Thread overview
D grammar (yacc format)
Jan 28, 2004
Sammy
Jan 28, 2004
C
Jan 28, 2004
Ben Hinkle
Jan 29, 2004
Sammy
Jan 29, 2004
Sammy
Jan 29, 2004
Sammy
January 28, 2004
I began to write a yacc style grammar for D.

I am using the parse.c from the dmd source.
Each function is being translated to a piece of
the grammar. Each piece is added to the source
file using some tag ( /**@Grammar )

Eg:

/**@Grammar
 *
 * %token "^" TOKxor
 *
 * XorExp : AndExp
 *           | XorExp "^" AndExp
 *           ;
 *
 **/

Expression *Parser::parseXorExp()
{   Expression *e;
    Expression *e2;
    Loc loc = this->loc;

    e = parseAndExp();
    while (token.value == TOKxor)
    {
 nextToken();
 e2 = parseAndExp();
 e = new XorExp(loc, e, e2);
    }
    return e;
}

I dont know if the final grammar will be LALR, nor
if it will be unabiguous.

If everything is ok, i will use bison to process the grammar.
if not, there are other parser generators who can
handle anbiguous and/or non-lalr grammars
( eg: btyacc, accent, msta, D'Parser )

I would like to see the grammar maintained ( i can do that )
and distributed with DMD ( i cant do that :-) .
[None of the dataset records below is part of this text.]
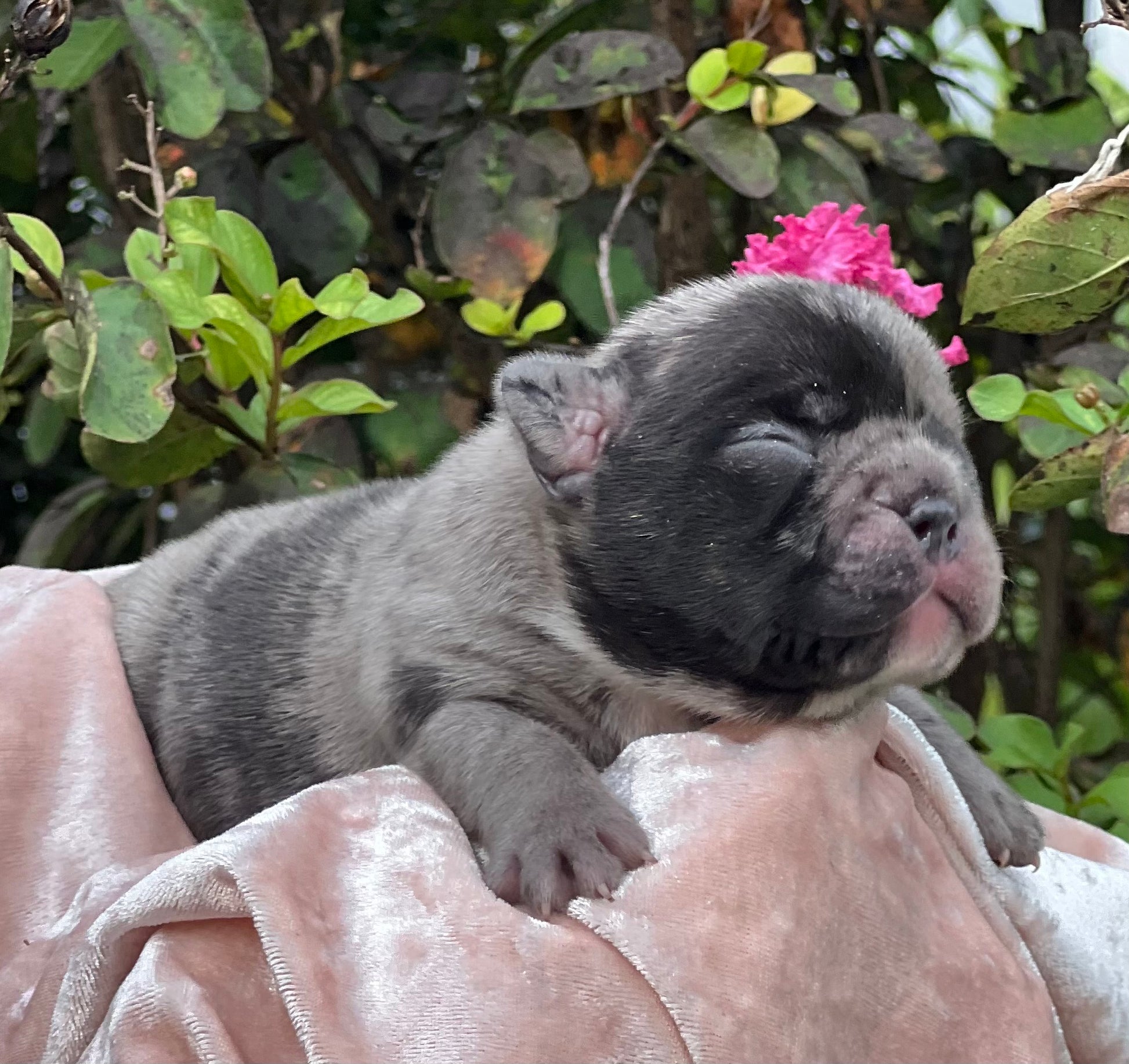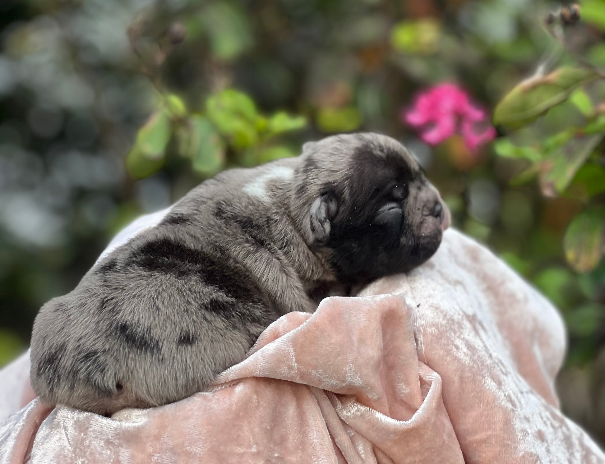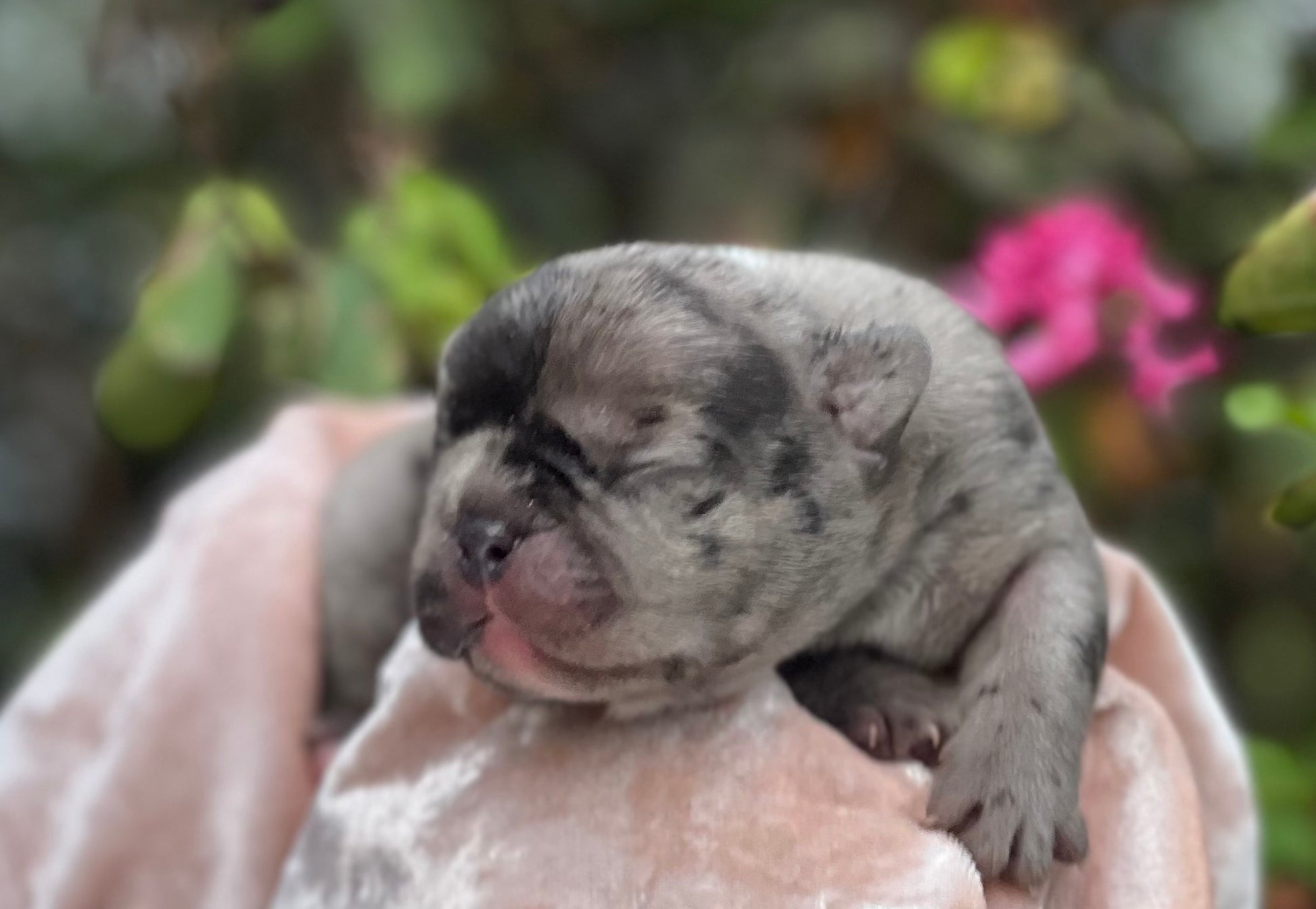 HARVEY is a BLACK MERLE FRENCH BULLDOG Male puppy by BHB ZOEY and BHB CH MARCELUS. Born 8-29-25. Purchase includes first shots, wormed 7 times, AKC 5 generation registration papers, microchipped, FL health certificate, negative fecal, and 1-year health guarantee, 1 month FREE Tropanion Pet Insurance, 24/7 lifetime support, and training advice. WE CAN DELIVER ANYWHERE WORLDWIDE WITH A FEE . Contact us for a video of HARVEY.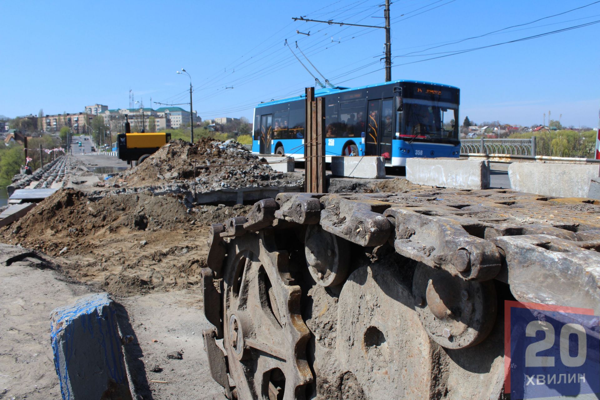 У квітні людей на будівництві стало більше: зняли перила, асфальт та почали рити котлован, щоб замінити крайню балку. Але, як казали робочі, тут теж будуть затримки.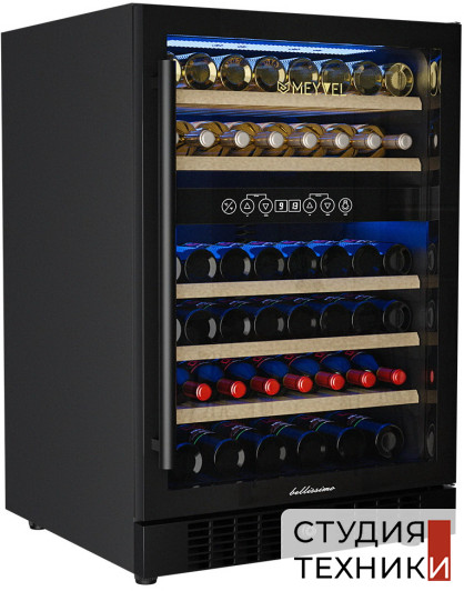 Винный шкаф MEYVEL MV46-KBT2Общие характеристики:- Тип: отдельностоящий- Вместимость, бут. 0,75л: 46 шт- Общий объем: 150 л- Количество температурных зон: 2- Количество камер: 1- Диапазон регулировки температуры в верхней зоне: от +5 до +10С- Диапазон регулировки температуры в нижней зоне: от +10 до +18С- Диапазон влажности: 60-80%- Цвет: черный- Уровень шума: 45 дБ- Класс энергетической эффективности: А- Размеры (ВхШхГ): 84х59.5х57 см Управление, функции:- Сенсорное управление- Цифровой дисплей температуры- LED освещение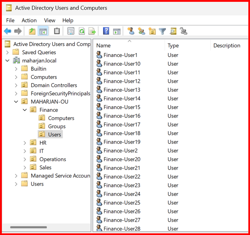 - In ADUC, navigate to the Users container or your custom Organizational Unit (OU).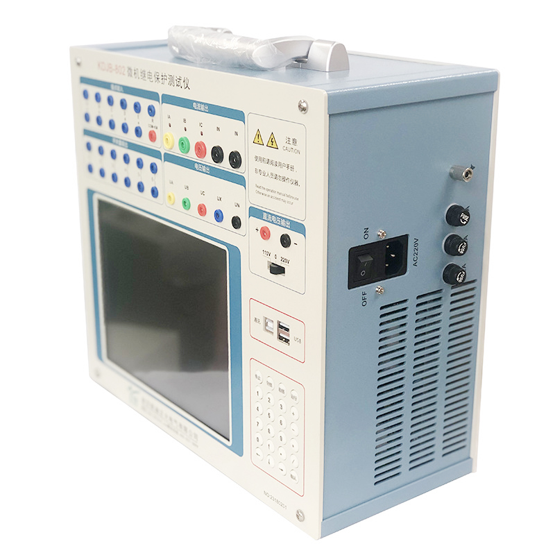 KDJB-802繼電保護(hù)測(cè)試儀采用可單機(jī)獨(dú)立運(yùn)行,亦可聯(lián)接筆記本電腦運(yùn)行的結(jié)構(gòu),主機(jī)內(nèi)置高速數(shù)字信號(hào)處理器微機(jī)、真16位DAC模塊、模塊式高保真大功率功放,自帶大屏幕液晶顯示器以及靈活方便的觸摸屏控制器。具有操作功能強(qiáng)。體積小,精度高。既具有大型測(cè)試儀的性能和功能,又具有小型測(cè)試儀小巧靈活、操作簡(jiǎn)便、可靠性高等優(yōu)點(diǎn),性能價(jià)格比高。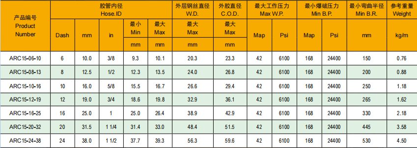 增強層:四層交互纏繞高強度鋼絲(尺寸 3/8 英寸,1/2 英寸,5/8 英寸,3/4 英寸和 1 英寸) 和六層交互纏繞高強度鋼絲(尺寸 1 1/4 英寸,1 1/2 英寸和 2 英寸)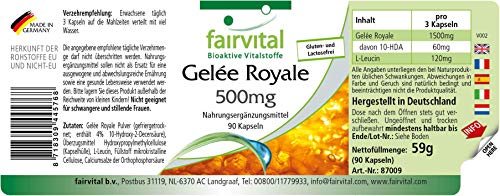 ✔ Fairvital DEUTSCHE QUALITÄT: Tagesdosis: 3 Kapseln pro Tag enthalten 1500mg Gelée Royale, davon 60mg 10-HDA. Hochdosiert! Hervorragendes Taxe-Leistungs-Angelegenheit! Standardisiert uff 4% 10-HDA (10-Hydroxy-2-Decensäure).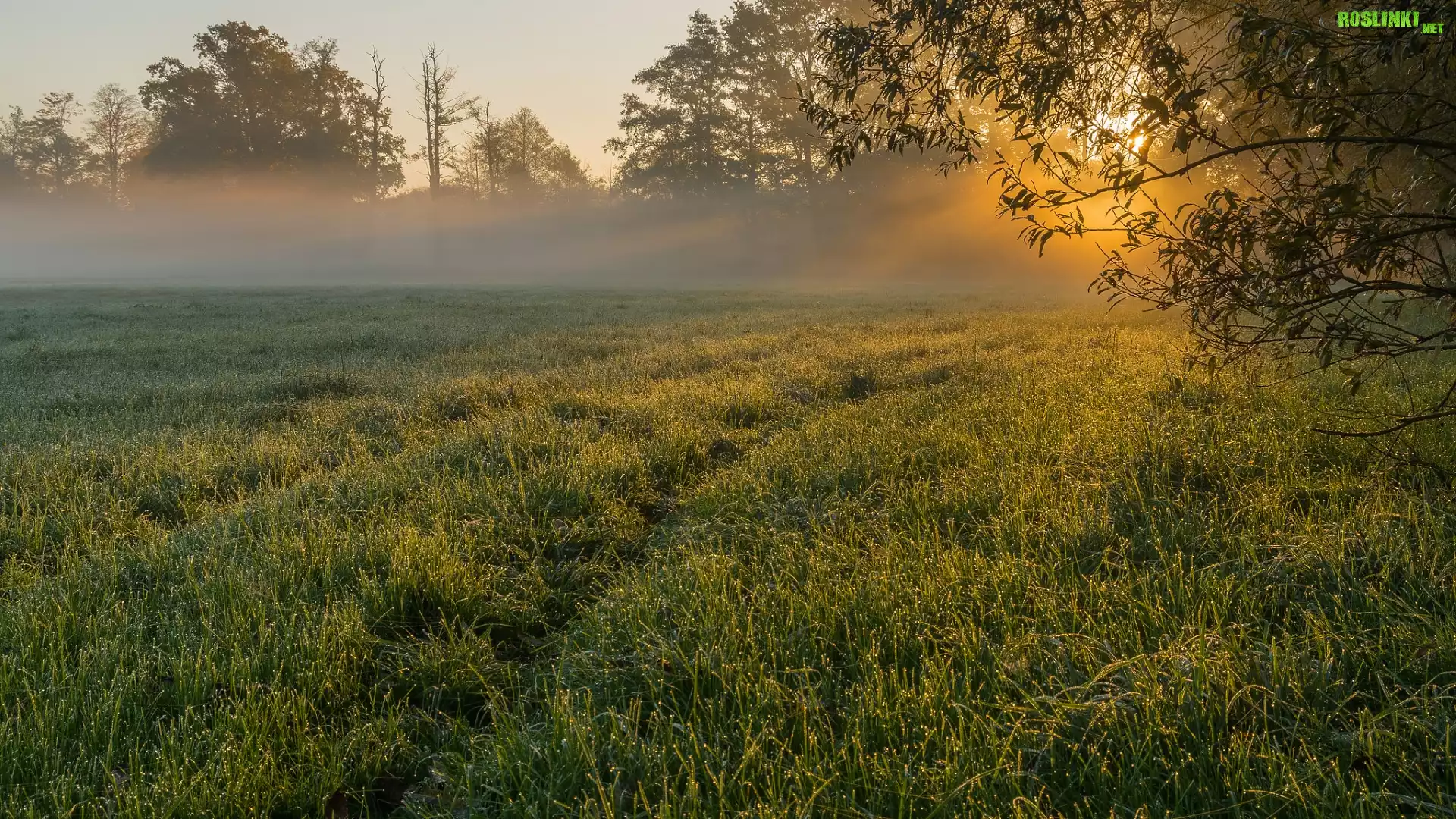 Rośliny: Łąka, Trawa, Drzewa, Mgła, Poranek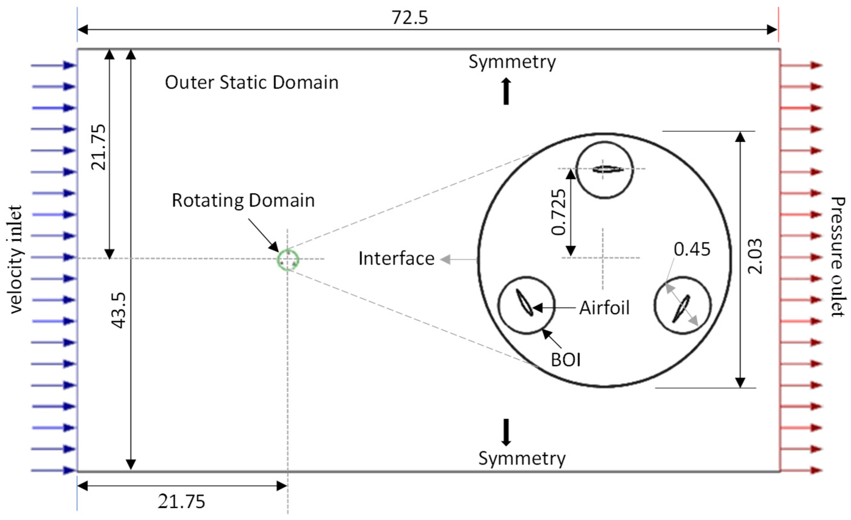 2.2. Geometric Domain and Boundary Conditions of VAWT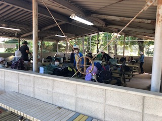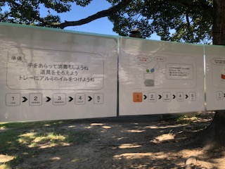 11時頃からクラスごとに分かれてピザ作りを始めました。作り方の説明も受けて、掲示も見ながら作っていきます。

I also have a lexer (made with flex), who needs to be
updated.

What do you think ?


January 28, 2004
Wow, this would be awesome!  Think you'll end up using somethign besides bison though , D'Parser looks really cool.

C
"Sammy" <none@here.com> wrote in message
news:bv941u$1e1e$1@digitaldaemon.com...
> I began to write a yacc style grammar for D.
>
> I am using the parse.c from the dmd source.
> Each function is being translated to a piece of
> the grammar. Each piece is added to the source
> file using some tag ( /**@Grammar )
>
> Eg:
>
> /**@Grammar
>  *
>  * %token "^" TOKxor
>  *
>  * XorExp : AndExp
>  *           | XorExp "^" AndExp
>  *           ;
>  *
>  **/
>
> Expression *Parser::parseXorExp()
> {   Expression *e;
>     Expression *e2;
>     Loc loc = this->loc;
>
>     e = parseAndExp();
>     while (token.value == TOKxor)
>     {
>  nextToken();
>  e2 = parseAndExp();
>  e = new XorExp(loc, e, e2);
>     }
>     return e;
> }
>
> I dont know if the final grammar will be LALR, nor
> if it will be unabiguous.
>
> If everything is ok, i will use bison to process the grammar.
> if not, there are other parser generators who can
> handle anbiguous and/or non-lalr grammars
> ( eg: btyacc, accent, msta, D'Parser )
>
> I would like to see the grammar maintained ( i can do that )
> and distributed with DMD ( i cant do that :-) .
>
> I also have a lexer (made with flex), who needs to be
> updated.
>
> What do you think ?
>
>


January 28, 2004
Interestingly GCC's C++ frontend switched from using a yacc generated parser to a hand-written parser in GCC-3.4. I don't know all the reasons why but you could probably Google around to find out why. Personally I find the 3.4 hand-written parser is easier to understand.

-Ben

"Sammy" <none@here.com> wrote in message news:bv941u$1e1e$1@digitaldaemon.com...
> I began to write a yacc style grammar for D.
>
> I am using the parse.c from the dmd source.
> Each function is being translated to a piece of
> the grammar. Each piece is added to the source
> file using some tag ( /**@Grammar )
>
> Eg:
>
> /**@Grammar
>  *
>  * %token "^" TOKxor
>  *
>  * XorExp : AndExp
>  *           | XorExp "^" AndExp
>  *           ;
>  *
>  **/
>
> Expression *Parser::parseXorExp()
> {   Expression *e;
>     Expression *e2;
>     Loc loc = this->loc;
>
>     e = parseAndExp();
>     while (token.value == TOKxor)
>     {
>  nextToken();
>  e2 = parseAndExp();
>  e = new XorExp(loc, e, e2);
>     }
>     return e;
> }
>
> I dont know if the final grammar will be LALR, nor
> if it will be unabiguous.
>
> If everything is ok, i will use bison to process the grammar.
> if not, there are other parser generators who can
> handle anbiguous and/or non-lalr grammars
> ( eg: btyacc, accent, msta, D'Parser )
>
> I would like to see the grammar maintained ( i can do that )
> and distributed with DMD ( i cant do that :-) .
>
> I also have a lexer (made with flex), who needs to be
> updated.
>
> What do you think ?
>
>


January 29, 2004
"Ben Hinkle" <bhinkle4@juno.com> wrote in message news:bv9etc$21ib$1@digitaldaemon.com...
> Interestingly GCC's C++ frontend switched from using a yacc generated
parser
> to a hand-written parser in GCC-3.4. I don't know all the reasons why but you could probably Google around to find out why. Personally I find the
3.4
> hand-written parser is easier to understand.
>
> -Ben
>

I am not sure, and i dont remember where i read this,
but I think its because the parser is faster, simpler and
as you said, easier to understand ( and possibly to implement ).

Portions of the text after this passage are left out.